### Record extracts

★ ★ ★ ★ ★

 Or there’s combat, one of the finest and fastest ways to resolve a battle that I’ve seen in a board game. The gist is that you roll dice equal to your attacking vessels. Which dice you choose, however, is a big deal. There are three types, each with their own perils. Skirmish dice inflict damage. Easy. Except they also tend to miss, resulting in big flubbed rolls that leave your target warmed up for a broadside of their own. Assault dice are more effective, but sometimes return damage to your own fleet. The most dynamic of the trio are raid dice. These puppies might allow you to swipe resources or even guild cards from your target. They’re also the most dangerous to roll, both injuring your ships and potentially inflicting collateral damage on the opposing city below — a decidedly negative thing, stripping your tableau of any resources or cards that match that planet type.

★ ★ ★ ★ ★

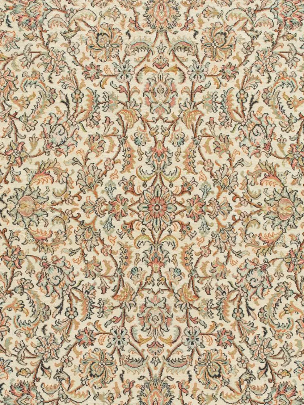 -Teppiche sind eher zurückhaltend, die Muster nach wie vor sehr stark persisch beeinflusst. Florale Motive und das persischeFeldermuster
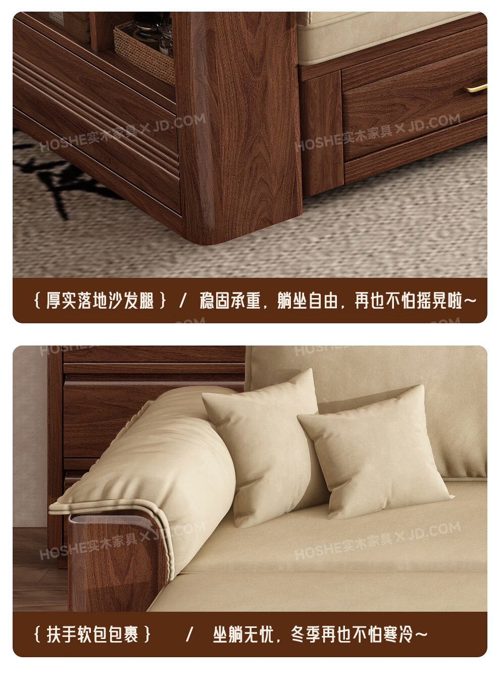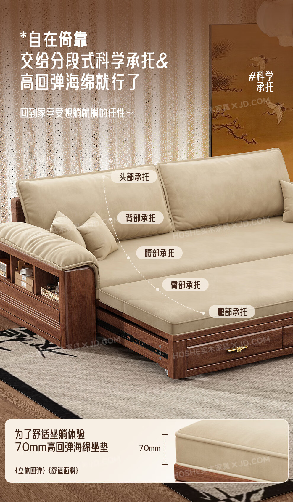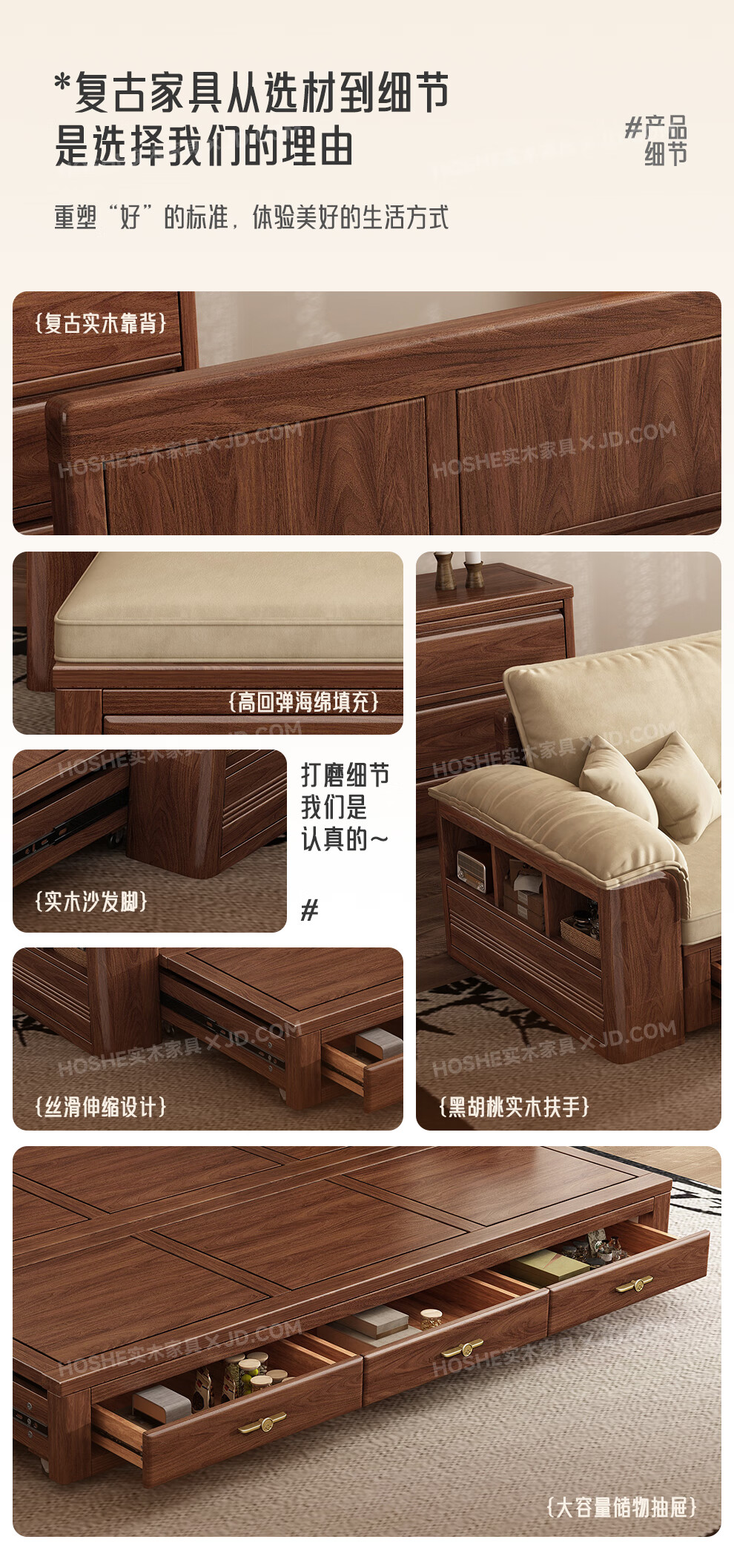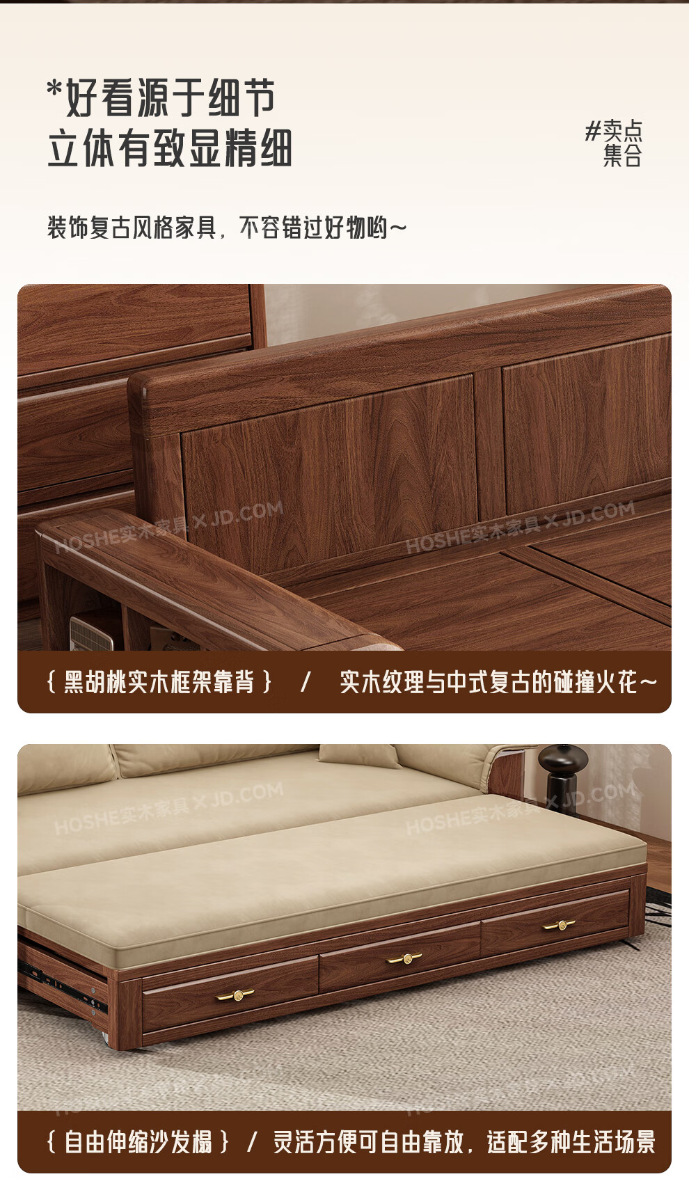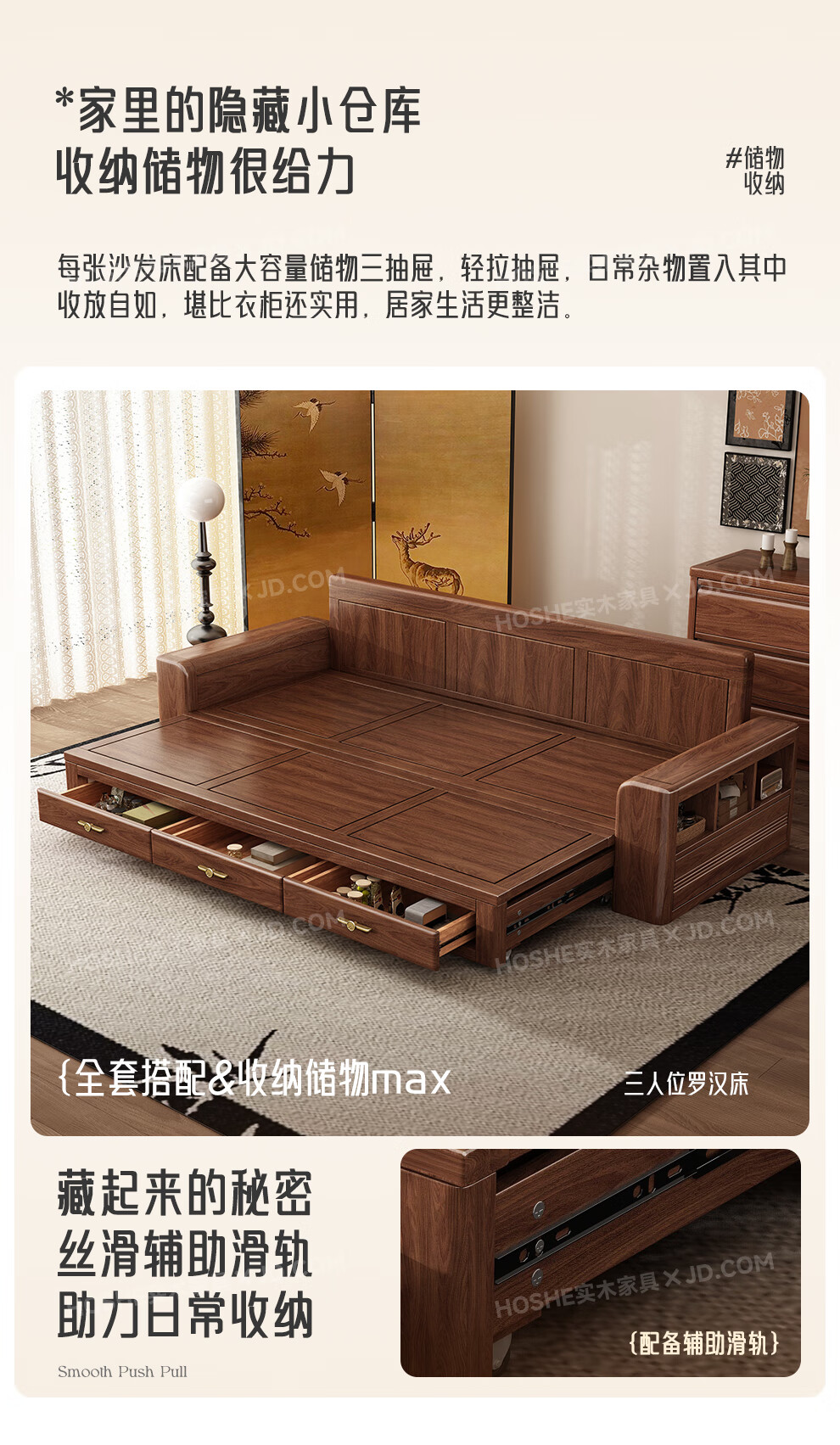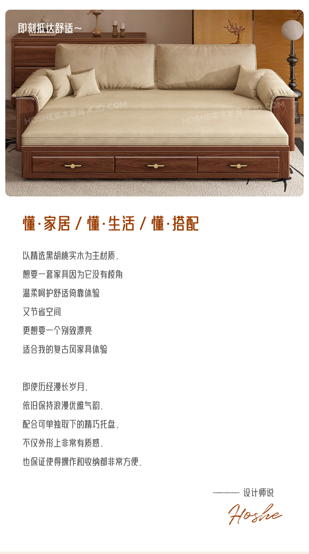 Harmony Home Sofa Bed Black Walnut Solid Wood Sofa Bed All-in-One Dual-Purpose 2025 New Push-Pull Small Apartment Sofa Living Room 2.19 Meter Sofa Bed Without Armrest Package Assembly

★ ★ ★ ★ ★

### Activity
Copy nothing but the lines above from the one with "-Teppiche sind eher" to the one with "Harmony Home Sofa", inclusive, word for word. Leave every picture out.

### Result for this task
 -Teppiche sind eher zurückhaltend, die Muster nach wie vor sehr stark persisch beeinflusst. Florale Motive und das persischeFeldermuster
 Harmony Home Sofa Bed Black Walnut Solid Wood Sofa Bed All-in-One Dual-Purpose 2025 New Push-Pull Small Apartment Sofa Living Room 2.19 Meter Sofa Bed Without Armrest Package Assembly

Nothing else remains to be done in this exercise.